Krinsky isn't alone in pointing out that the time of year isn't great for equities.
“Post-election years tend to peak right about now and bottom in late October,” wrote Carson Investment Research analyst Ryan Detrick on X. “No, this doesn't mean it has to happen this time, but some seasonal turbulence would be perfectly normal.”
In addition to the seasonal weakness, Krinsky noted that utilities, considered a defensive stock market sector, have been rallying, recently notching 52-week highs.
He also sees a potential opportunity for software stocks, which have underperformed semiconductor stocks, to close the gap, given they tend to have done better than semis in August, outpacing them in 9 of the past 13 years.
What's setting up the potential buy-the-dip drop
Stocks initially headed higher early last week on the heels of better-than-expected earnings results from technology bellwethers Microsoft and Meta Platforms.
However, optimism faded on Wednesday, when the Federal Reserve chose to keep interest rates unchanged at 4.25% to 4.50%, disappointing many, including President Trump, who has been arguing for big cuts all year.
Related: Jobs report shocker resets Fed interest rate cut bets
Adding to investors' concerns, the Personal Consumption Expenditures index showed that inflation accelerated to 2.6% in June from 2.4% in May and 2.2% in April.
Many expect tariffs instituted in the spring are only now causing inflation to rise.
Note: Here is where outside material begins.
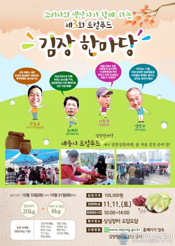 세종시는 올해로 3회째를 맞이하는 '로컬푸드 우리집 김장담그기 한마당'이 다음달 11일 오전 10시부터 오후 2시까지 도담동 싱싱장터에서 열린다고 12일 밝혔다.
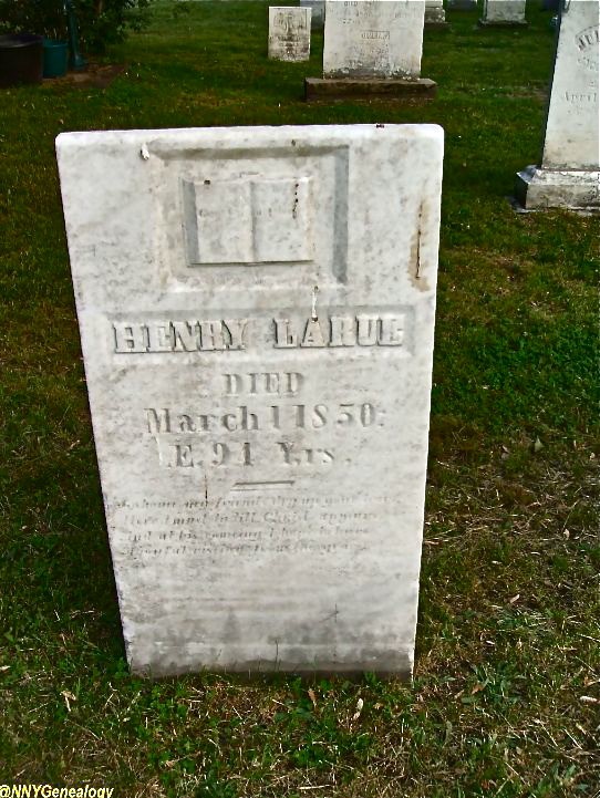You can find a great deal of information on the web regarding this family so I will provide a summary of relevant material of interest to this family history. Our interest lies with Hendrick (Henry) Larue (1755-1850) and Marritje Mandeville (1753-1806). The Mandeville family arrived in the USA around 1647 and the LaRue family (variously spelled Le Ruex, Laroe and others) in 1670 with the arrival of three children of Pierre LeReux (he apparently dying on the ship): Abraham, Suzanna and Jacques. Both families were French Huguenots (Calvinists) and under persecution for their religion. The families settled in what became New Jersey and New York. The son of relevance to our story was Jacques who had 13 children, one of them a Hendrick who had at least 9 children, one of whom was Jacobus who had at least 5 children, one of them Hendrick (1755-1850).

It may worsen in the coming months following newly announced tariffs after the reciprocal tariff pause ended on August 1. President Trump announced a slate of tariffs ranging from 10% to 41%, including a 35% tariff on Canada, one of our top three trading partners.
Jobs data last week also suggests the economy is wobbling. The latest report from the Bureau of Labor Statistics showed just 73,000 jobs created in July, below the 100,000 expected.
Worse, the BLS had previously said the US economy created 147,000 jobs in June. It revised that figure down to 14,000. May's job numbers were similarly lowered to 19,000 from 144,000.
The significant revisions drew the ire of President Trump, who fired BLS Commissioner Erika McEntarfer after the report, saying the numbers were “RIGGED in order to make the Republicans, and ME, look bad.”